■ What is needed ■
Below are records with pictures. Transcribe exactly, and only, the lines from the line with "所有交易記錄,包括使用 Bybit Card" to the line with "Predám perfektne tmavomodre", both ends included, but not the pictures.
***** Task material
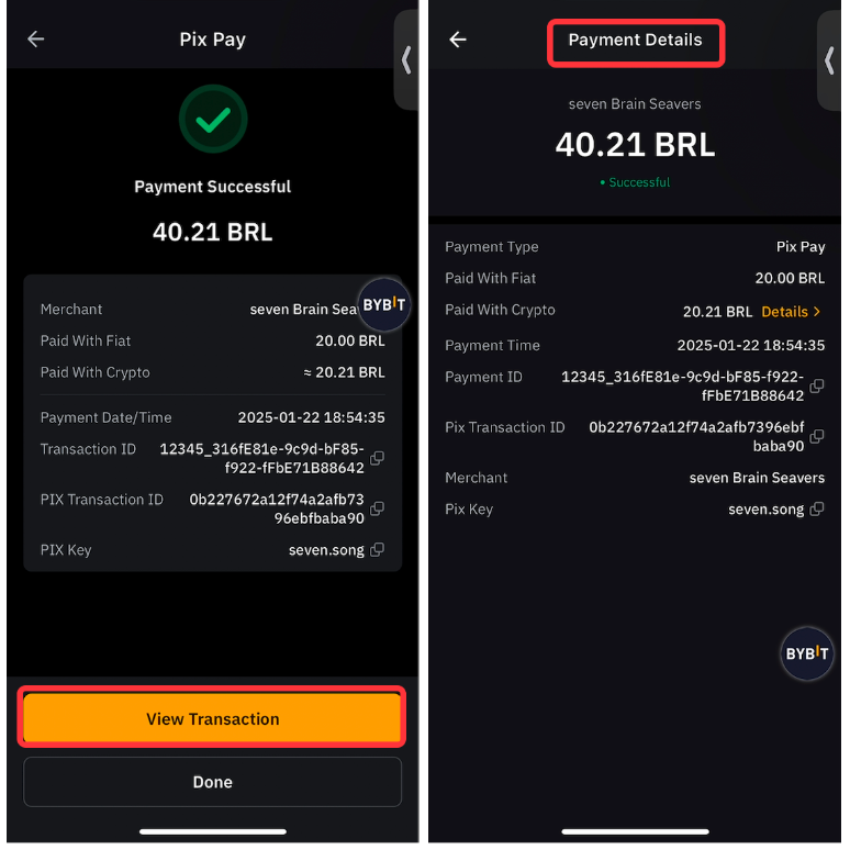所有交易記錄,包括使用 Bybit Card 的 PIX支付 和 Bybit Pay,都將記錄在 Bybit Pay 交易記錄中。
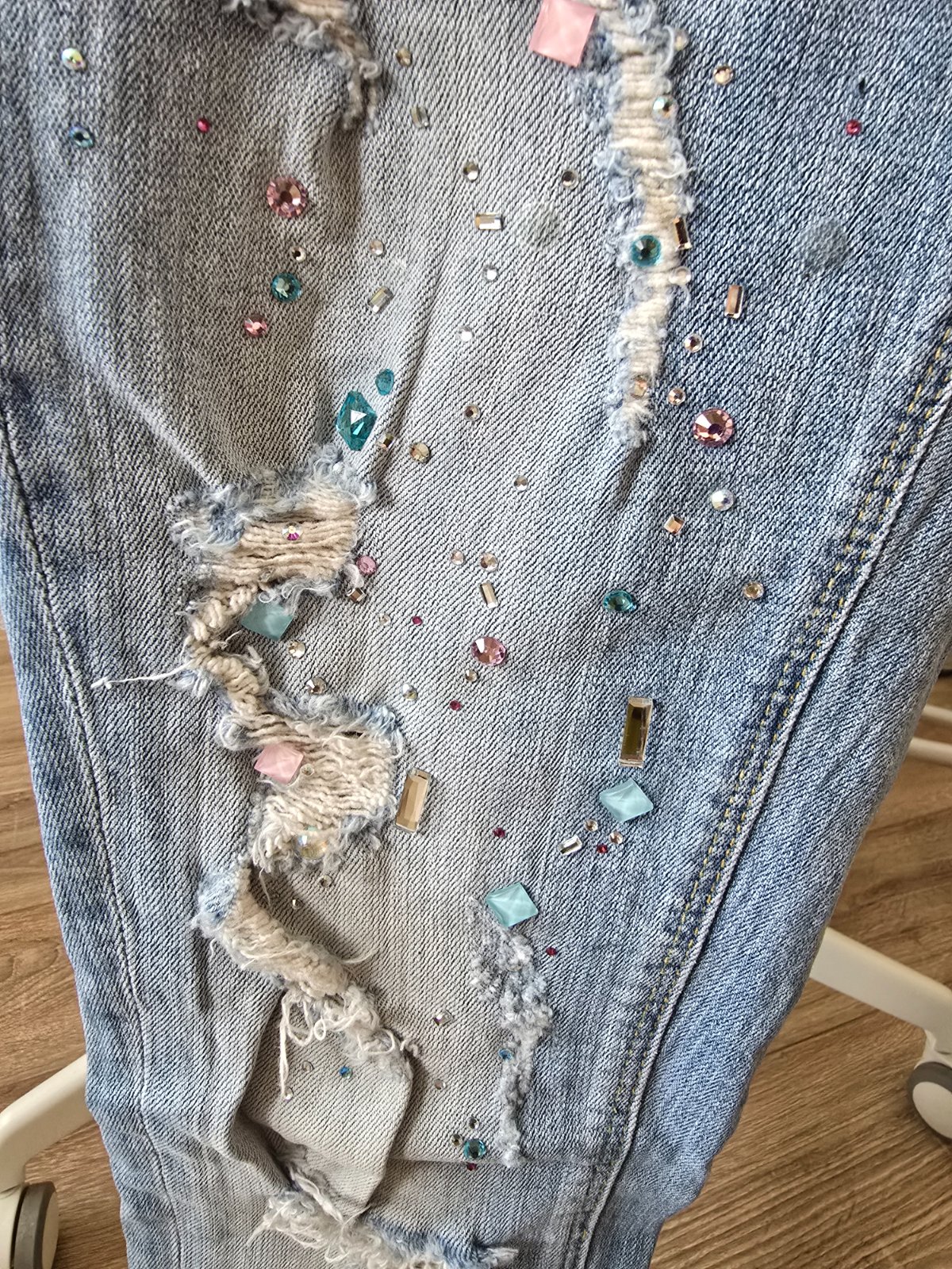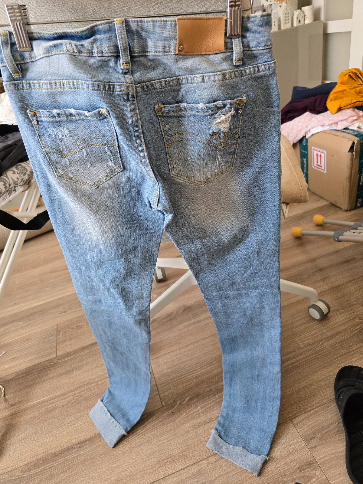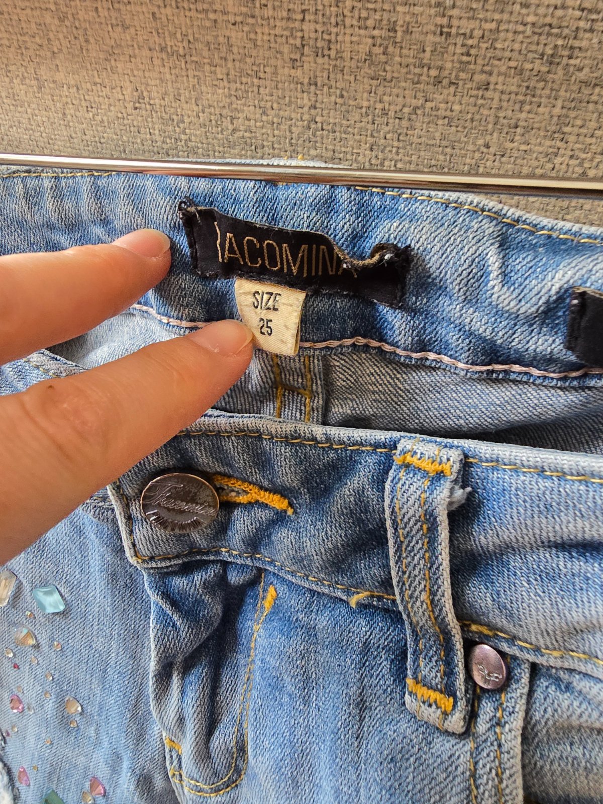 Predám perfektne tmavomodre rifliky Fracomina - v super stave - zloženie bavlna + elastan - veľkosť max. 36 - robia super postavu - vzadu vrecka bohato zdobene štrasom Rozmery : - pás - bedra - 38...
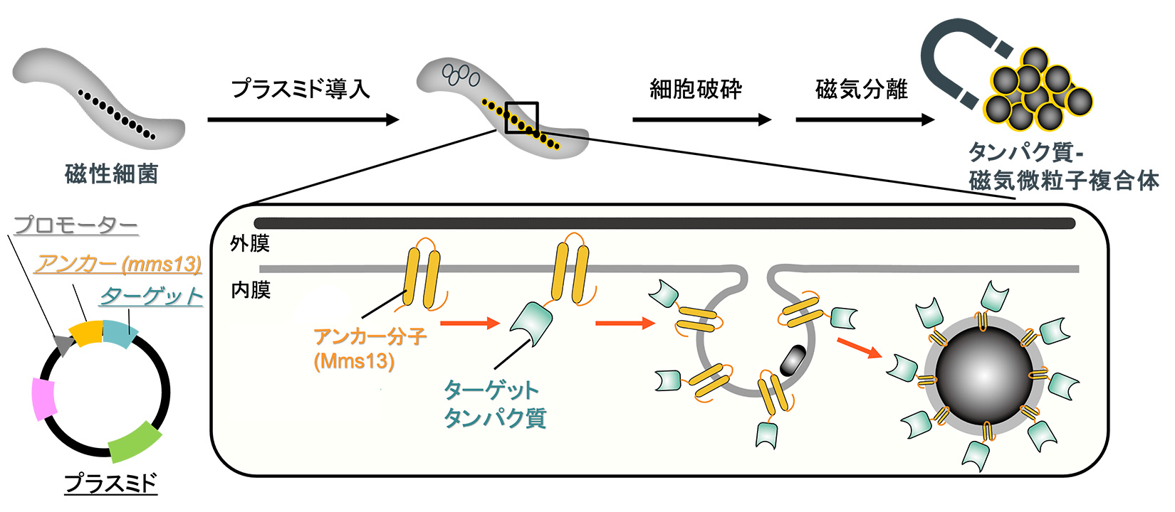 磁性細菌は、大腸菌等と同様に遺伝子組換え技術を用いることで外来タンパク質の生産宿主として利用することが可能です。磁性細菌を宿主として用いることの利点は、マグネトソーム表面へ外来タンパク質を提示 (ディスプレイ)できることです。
**********
***** Task material
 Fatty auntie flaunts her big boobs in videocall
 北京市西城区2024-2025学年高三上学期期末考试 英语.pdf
**********
■ Exercise output ■
所有交易記錄,包括使用 Bybit Card 的 PIX支付 和 Bybit Pay,都將記錄在 Bybit Pay 交易記錄中。
 Predám perfektne tmavomodre rifliky Fracomina - v super stave - zloženie bavlna + elastan - veľkosť max. 36 - robia super postavu - vzadu vrecka bohato zdobene štrasom Rozmery : - pás - bedra - 38...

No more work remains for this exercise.